* [Goal of the exercise]: Using the data below, output a verbatim copy of the lines between the one holding "Regiestuhl Maxi mit" and the one holding "消防署の職員の方を講師にお招", inclusive, without any pictures.

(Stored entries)
________

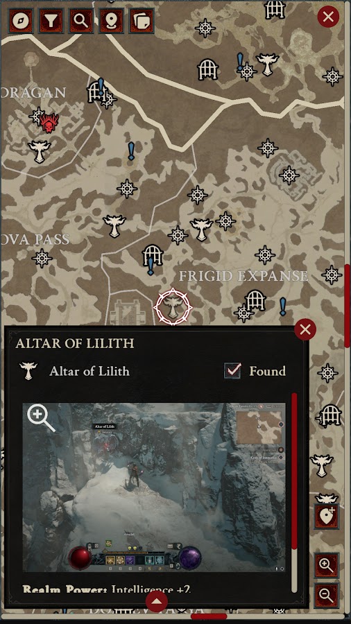 • Создавайте предустановленные фильтры: настраивайте отображение карты под свои нужды. Сохраняйте комбинации фильтров (например, отображение только Алтарей Лилит и Подземелий) и быстро переключайтесь между ними для максимальной эффективности.
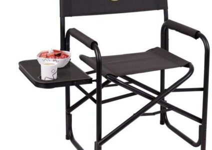 Regiestuhl Maxi mit schwarzem Aluminiumgestell und praktischem Seitentisch. Platzsparend verstaubar Belastbar bis 100kg Technische Daten: Packmaß: 85 x 50 x 17 cm Gewicht: 3,4 kg Produktmaß: 46 x 38 x 87 cm
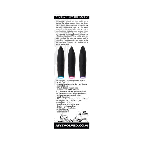 - SaleEvolved Evolved On The Spot Light-Up Rechargeable Silicone Bullet Vibrator Black Low stock$4999 USD$7999Unit price /Unavailable
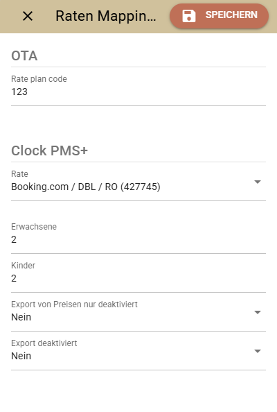 Um eine Clock PMS+ Rate mehreren Raten aus dem Channel Manager zuzuordnen, müssen Sie in der Mapping der Raten angeben, mit wie vielen Erwachsenen und Kindern die Rate auf Gästeebene berechnet werden soll.
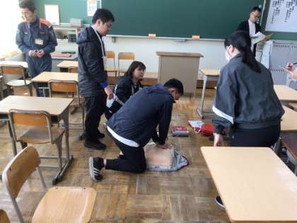 消防署の職員の方を講師にお招きし、緊急時シミュレーション研修を行いました。学校生活で急な事故等が起きた場合の対応や、救急搬送までの手順など、実際の場面を想定しながら取り組みました。
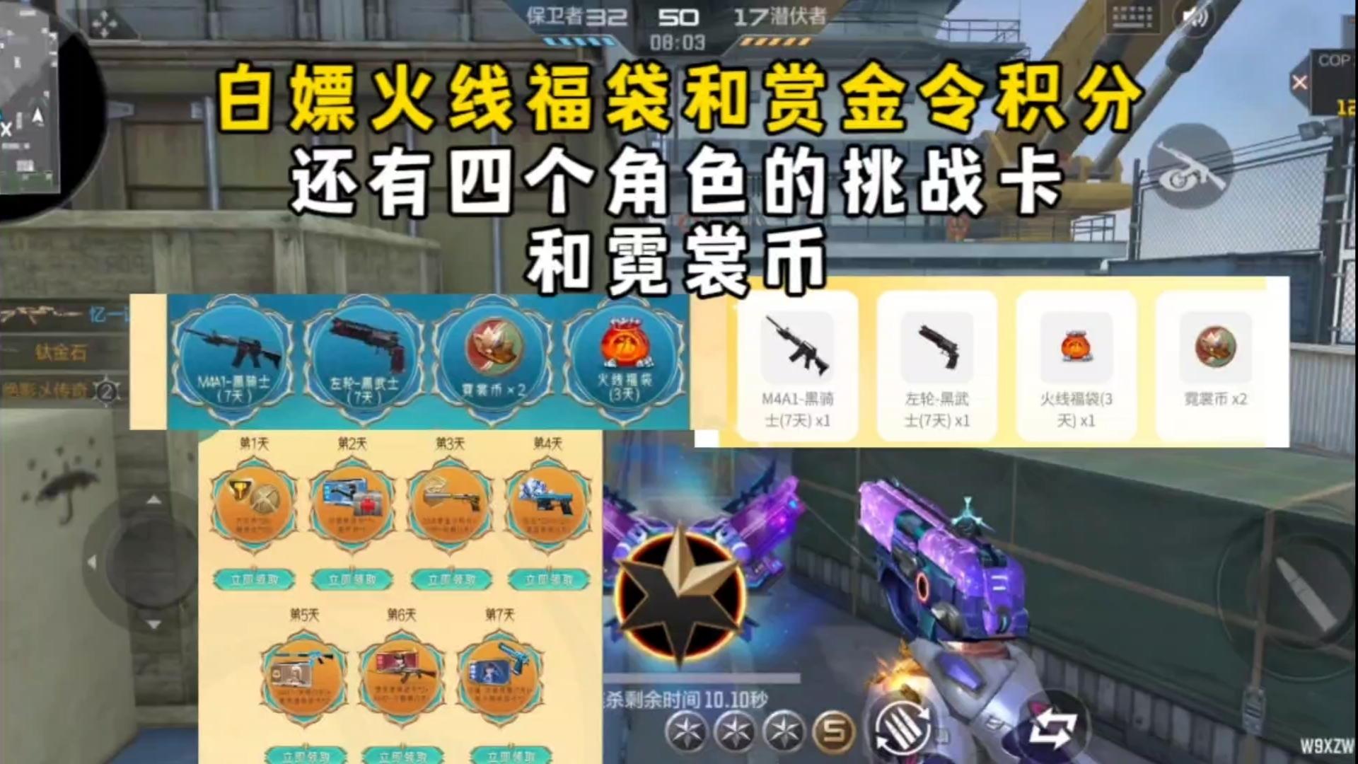 白嫖火线福袋和赏金令积分,还有四个角色的挑战卡和霓裳币!
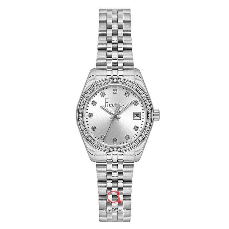 Часы Freelook имеют круглый корпус из нержавеющей стали, сияющий хромированный цвет которого привлекает внимание и делает аксессуар универсальным для любого стиля. Серебристый циферблат с изящными отметками и яркими стразами добавляет роскоши и утонченности, создавая эффектный образ.
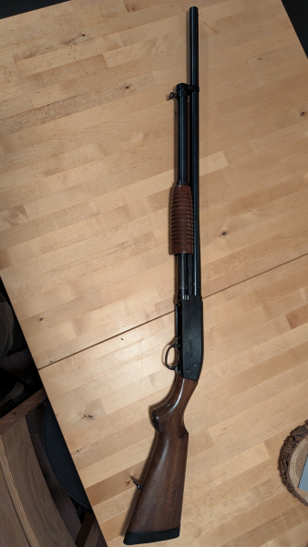 Armscor Vorderschaft-Repetierflinte/Pumpgun im Kaliber 12/70. Das Röhrenmagazin fast 7 Patronen.
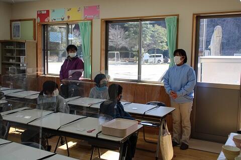 不土野小の給食は、尾向小の調理員さんお二人が調理されています。他にも豆腐やパン、牛乳などを生産されておられる方々、栄養教諭の先生に日頃の感謝の気持ちを込めてメッセージカードをお渡ししました。
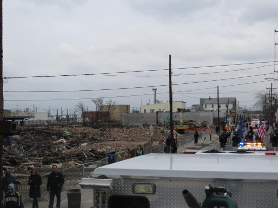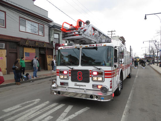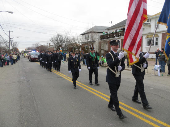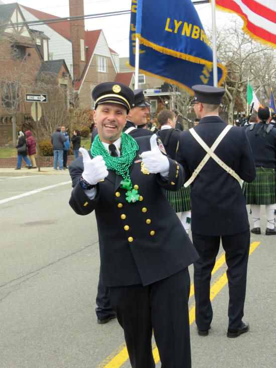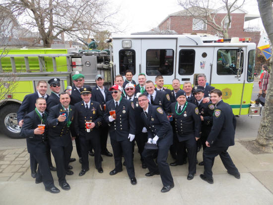 LFD Parades in the Rockaways Story by Ex-Captain Steve Grogan; Photos by LT. Brian Grogan On Saturday, March 2, 2013, members of the Lynbrook Fire Department, led by Chief Anthony DeCarlo, marched in the annual St Patrick's Day parade in the Rockaways. Members used Truck Company's ladder 428 and Tally-Ho's engine 423 in the parade. During the parade the members passed PJ Curran's Bar which is owned by the family of one of the members and which was destroyed in Hurricane Sandy. The members had a great time as usual. |
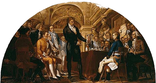 Napoléon porta toujours un intérêt certain aux progrès techniques et scientifiques. Ici, on voit Alexandre Volta qui présente en 1800 au Premier Consul sa découverte : la pile électrique
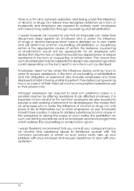 of alcohol or drugs. Our labour laws recognise addiction as a form of
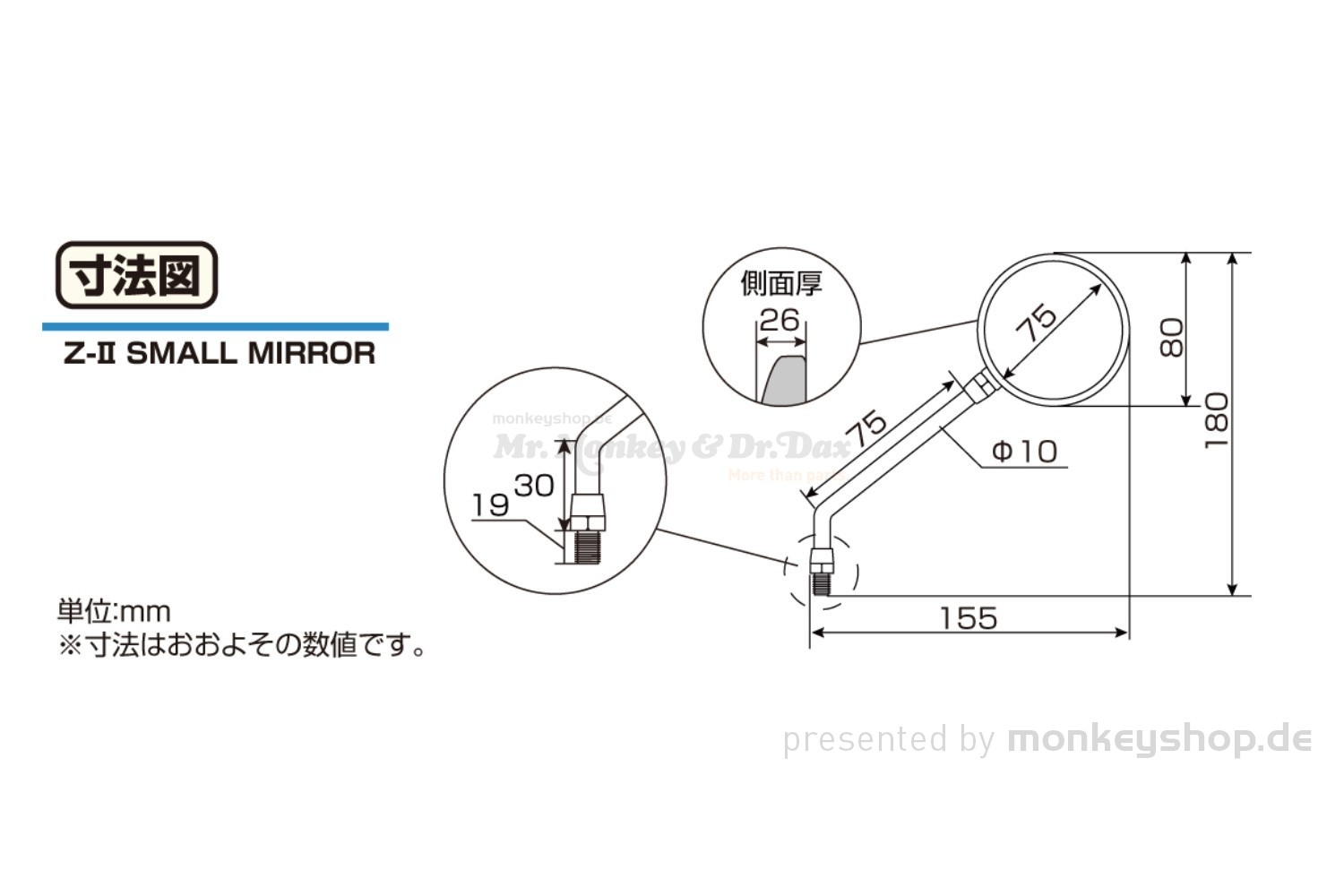 Ein Spiegel Z-II in schwarzer Ausführung von KITACO mit M10 Rechtsgewinde.
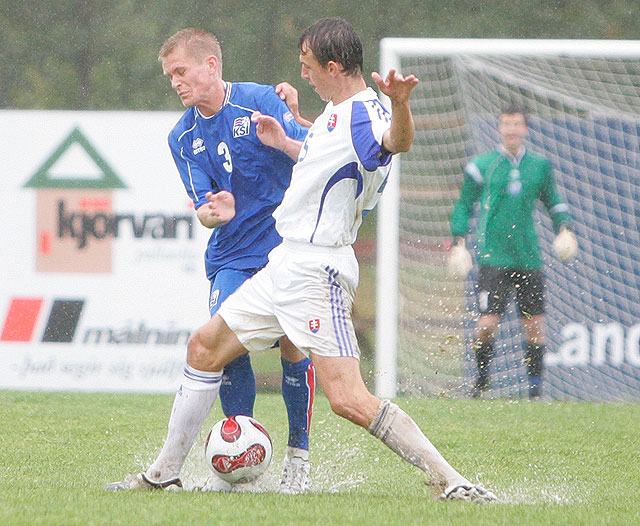 Forystan stóð þar til undir lok fyrri hálfleiks þegar Slóvakar jöfnuðu úr vítaspyrnu. Eftir þunga sókn þeirra áttu þeir skot að marki úr dauðafæri.

________

* [Expected answer]:
 Regiestuhl Maxi mit schwarzem Aluminiumgestell und praktischem Seitentisch. Platzsparend verstaubar Belastbar bis 100kg Technische Daten: Packmaß: 85 x 50 x 17 cm Gewicht: 3,4 kg Produktmaß: 46 x 38 x 87 cm
 - SaleEvolved Evolved On The Spot Light-Up Rechargeable Silicone Bullet Vibrator Black Low stock$4999 USD$7999Unit price /Unavailable
 Um eine Clock PMS+ Rate mehreren Raten aus dem Channel Manager zuzuordnen, müssen Sie in der Mapping der Raten angeben, mit wie vielen Erwachsenen und Kindern die Rate auf Gästeebene berechnet werden soll.
 消防署の職員の方を講師にお招きし、緊急時シミュレーション研修を行いました。学校生活で急な事故等が起きた場合の対応や、救急搬送までの手順など、実際の場面を想定しながら取り組みました。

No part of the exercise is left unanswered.